The measurements of adhesion on PMMA showed no correlation between BSA concentration and

adhered 177Lu-DOTATATE, the results are to be found in the Appendix.The image artefacts shown in

previous studies were not present in the reconstructions in this work.

Decreasing sphere size gave reduced SBR and SNR for both the Xeleris and SARec reconstructions in

this study. The comparison of SBR and SNR for one and dual energy peaks and scatter correction with

IRACSCRR (TEW) are presented in Figure 4 a-b. In Figure 4 c-d the SBR and SNR for filtered

SARec images are compared with the unfiltered SARec and IRACRR. The highest SBR was acquired

with SARec and IRACSCRR (TEW) reconstructions for 208 keV and the superior SNR results were

calculated from the 208 keV IRACRR and IRACSCRR images. For the two reconstructions including

both the 113 and 208 keV energy peaks, the SBR decreased in comparison with the single peak

reconstructions. When two energies were collected, the SNR increased in the SARec images while the

SNR for IRACRR decreased for most of the spheres.

a)

b)

c)

d)

Figure 4: SBR and SNR for different reconstructions and sphere sizes. SBR in the Jaszczak phantom (a), SNR in the Jaszczak

phantom (b).
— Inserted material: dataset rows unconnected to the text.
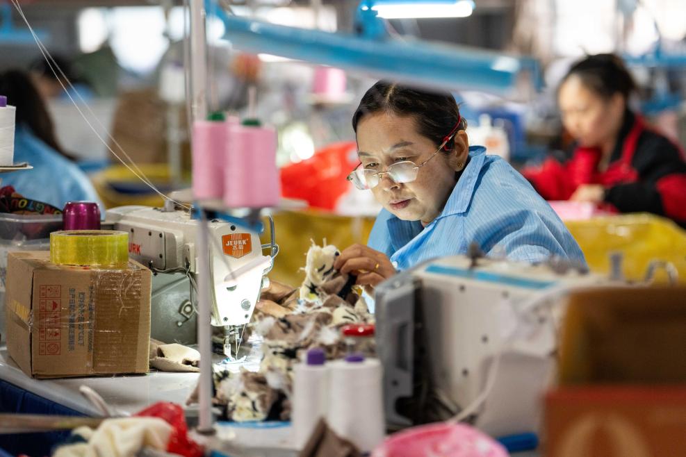 12月11日,在位于桃源县青林回族维吾尔族乡督粮冲村的常德市双阅玩具有限公司乡村车间,工人在制作布艺玩具。新华社记者 陈思汗 摄pagebreak
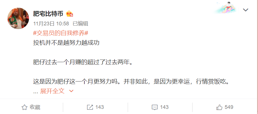 看肥宅的微博,可以看他的一些交易的心得,以下內容來自他的微博話題“交易員的自我修養”,這或許是他成功的一些法門。
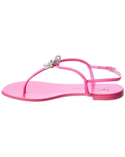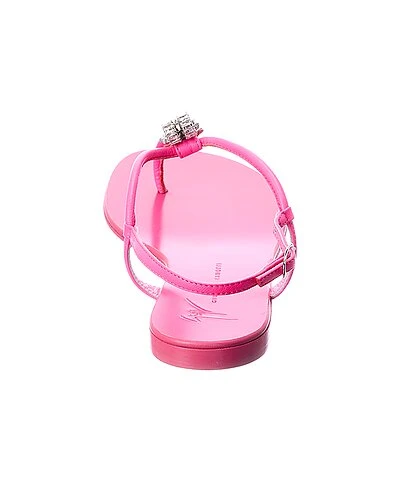 - Rock Leather Sandal in fluorescent pink leather and silver-tone hardware with crystal-embellished bow

SBR and SNR for SARec images post filtered with a Butterworth (BW) filter of order 2 and a cut off frequency

of 0.03 cycles/mm are compared with unfiltered IRACRR and SARec (c-d).

The SBR and SNR results for the spheres in the Lung-Spine phantom are compared with the equal

sized sphere in the Jaszczak phantom in Figure 5. In general, the recovery was lower and the noise

higher the in the Lung-Spine phantom.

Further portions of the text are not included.